Is conflict monitoring supramodal? Spatiotemporal dynamics of cognitive control processes in an auditory Stroop task

Abstract

The electrophysiological correlates of conflict processing and cognitive control have been well characterized for the visual modality in paradigms such as the Stroop task. Much less is known about corresponding processes in the auditory modality. Here, electroencephalographic recordings of brain activity were measured during an auditory Stroop task, using three different forms of behavioral response (overt verbal, covert verbal, and manual), that closely paralleled our previous visual Stroop study. As was expected, behavioral responses were slower and less accurate for incongruent than for congruent trials. Neurally, incongruent trials showed an enhanced fronto-central negative polarity wave (N(inc)), similar to the N450 in visual Stroop tasks, with similar variations as a function of behavioral response mode, but peaking ~150 ms earlier, followed by an enhanced positive posterior wave. In addition, sequential behavioral and neural effects were observed that supported the conflict-monitoring and cognitive adjustment hypothesis. Thus, while some aspects of the conflict detection processes, such as timing, may be modality dependent, the general mechanisms would appear to be supramodal.

Figure 1. Response times

A. Slower response times were observed in the Overt condition (i.e., verbal) compared to the Manual, and for both response-mode conditions participants were slower on incongruent than on congruent trials. Error bars represent standard error of the mean (SEM) values.

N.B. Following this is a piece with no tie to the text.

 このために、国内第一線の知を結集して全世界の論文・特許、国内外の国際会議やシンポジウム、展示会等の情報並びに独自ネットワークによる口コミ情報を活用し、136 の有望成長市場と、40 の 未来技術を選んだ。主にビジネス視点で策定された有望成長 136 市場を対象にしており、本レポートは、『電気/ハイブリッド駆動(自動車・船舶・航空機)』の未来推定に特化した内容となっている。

Figure 2. Early negative-polarity incongruency effect (N_inc)

A. Time-locked ERP waveforms for the incongruent and congruent conditions (Overt congruent: 1644 sums, Overt incongruent: 1751 sums; Covert congruent: 1754 sums, Covert incongruent: 1836 sums; Manual congruent: 1925 sums, Manual incongruent: 1991 sums). The early negative-wave incongruency effects emerged starting at around 200 ms in all conditions. (Each tick mark represents 100 ms for the traces.) B. Topographic distributions for incongruent minus congruent trials for Overt, Covert, and Manual conditions from 200–300 ms and 400–500 ms. In the Covert and Overt conditions, by 400–500 ms the negativity shifted to a more anterior (and somewhat right lateralized) location, while the effect was basically gone in the Manual condition by this time. In addition, the initial negative-polarity effect in the Manual condition was distributed more posteriorally than in the other conditions.

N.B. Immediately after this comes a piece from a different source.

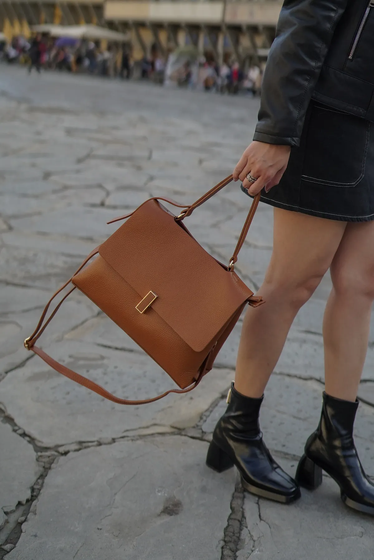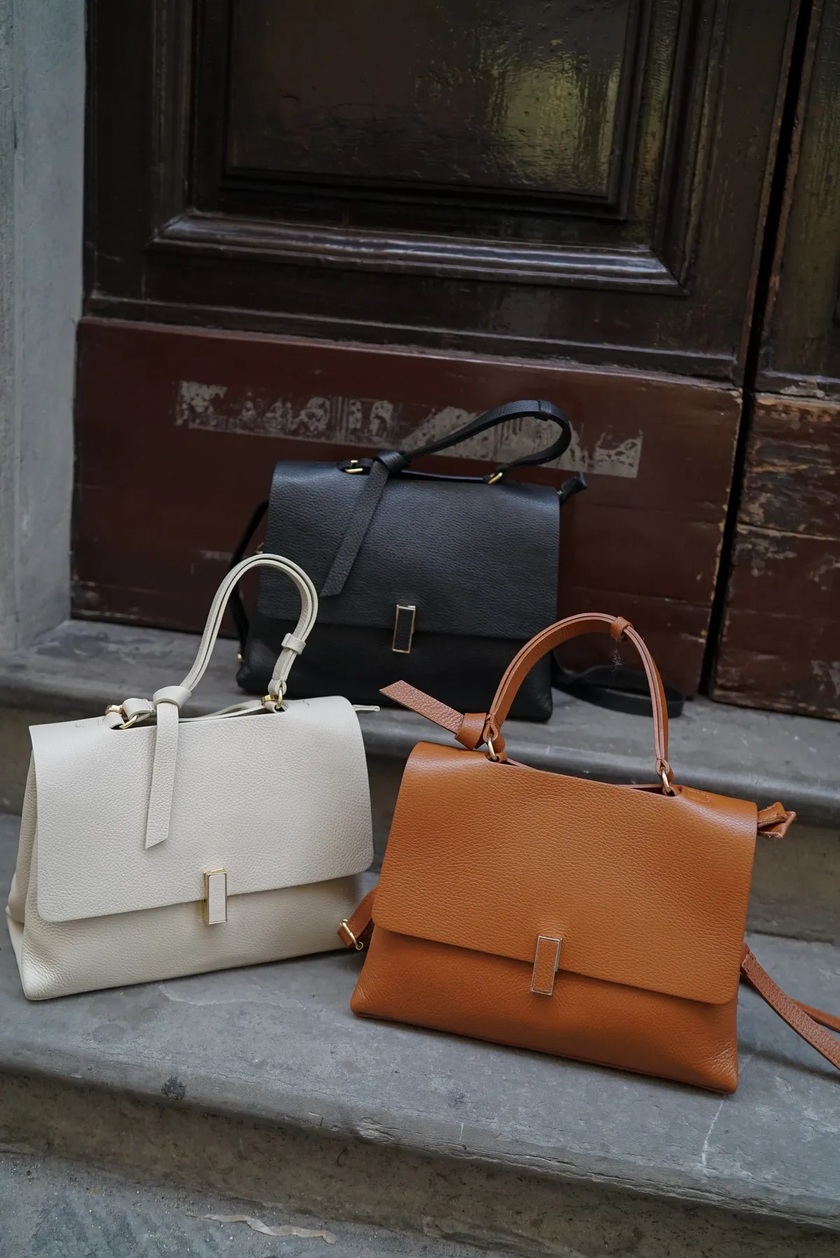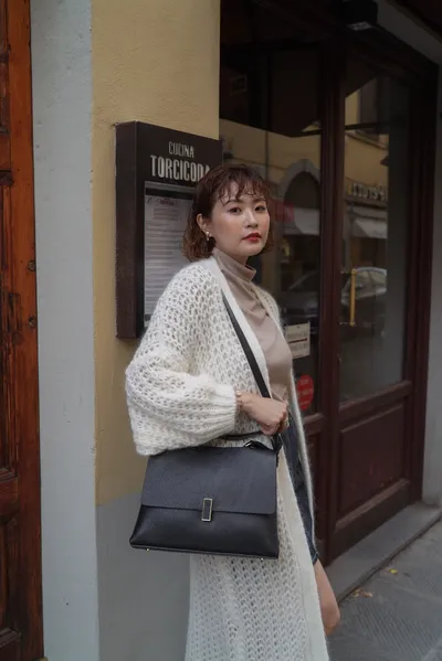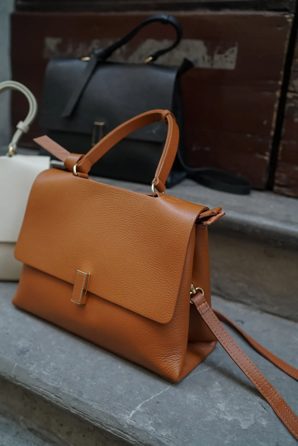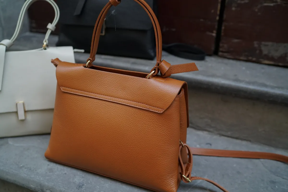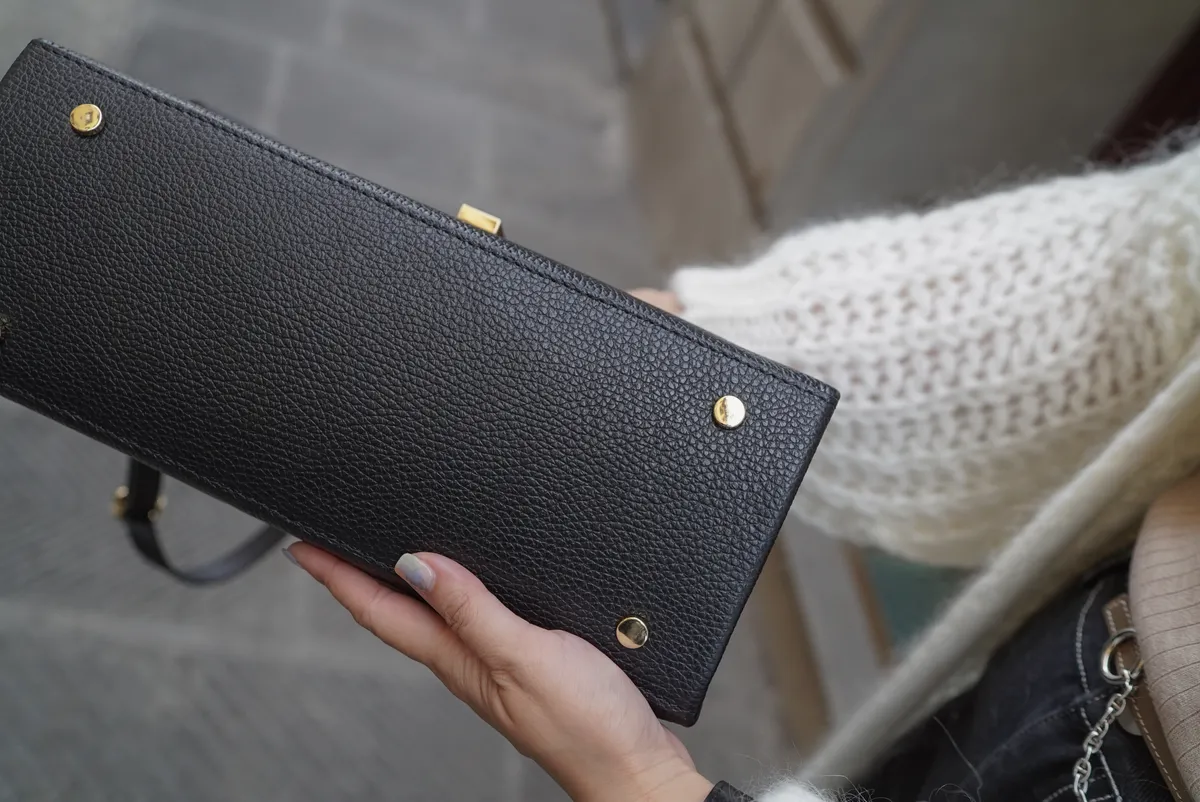 方形轉釦真皮翻蓋大手提包(附長背帶)

Figure 3. Late posterior-positivity incongruency effect (SP)

Traces showing the late parietal differences between incongruent and congruent trials over site POz for the Overt, Covert, and Manual conditions. (Sums shown here are the same as reported in Figure 2.) Topographic distributions show the difference of incongruent minus congruent trials from 600 to 700 ms.

Figure 4. Sequential behavioral effects

A. Response times in the Manual response condition for the incongruent (I) and congruent (C) trials as a function of the previous trial type. Participants slowed their response times for incongruent trials when they followed a congruent trial as compared to following another incongruent trial. B. A similar sequential slowing pattern was observed in the Overt response condition. Error bars represent SEM values.

Figure 5. Sequential EEG effects

A. Differential responses to incongruent trials when they were preceded by an congruent versus an incongruent trial (_CI versus _II). A greater late (500 – 800 ms) posterior positivity was elicited for the former case, visible in both the main traces and the difference waves (2^nd column).Topographic distributions of the differences between _CI minus _II are shown for 600–700 ms for the Overt (1164 sums), Covert (1292 sums), and Manual (1376 sums) conditions. B. Differential responses to congruent trials (difference waves) when they were preceded by incongruent (_IC) compared to congruent (_CC) trials for the Overt (964 sums), Covert (1142 sums), and Manual (1217 sums) conditions. A greater late (500 – 800 ms) posterior positivity was seen for _IC trials compared to _CC trials, shown in the first column of traces and in the difference waves in the 2^nd column. Topographic differences of _IC minus _CC are shown for 600 to 700 ms. C. Bar graphs for the manual condition comparing differences in RT to differences in neural activity. The left graph shows the differences of the mean amplitude for _IC minus _CC and _CI minus _II from 600 to 700 milliseconds averaged over sites POz and PO1 and PO2. The right graph shows the differences in response time for these conditions, respectively. Here, the neural activity and response times mirrored each other in the relative size of the differences. Error bars represent SEM values.

Figure 6

Brain-behavior correlation, Manual condition. X-axis shows the difference in neural activity I_I minus C_I trials in microvolts averaged across sites POz, Oz, PO1 and PO2 for 500 to 800 ms. Y-axis shows the difference in response time for _II trials minus _CI trials in milliseconds. Differential activity in previous trial correlates with differential response times across subjects in current trial when the current trial is incongruent.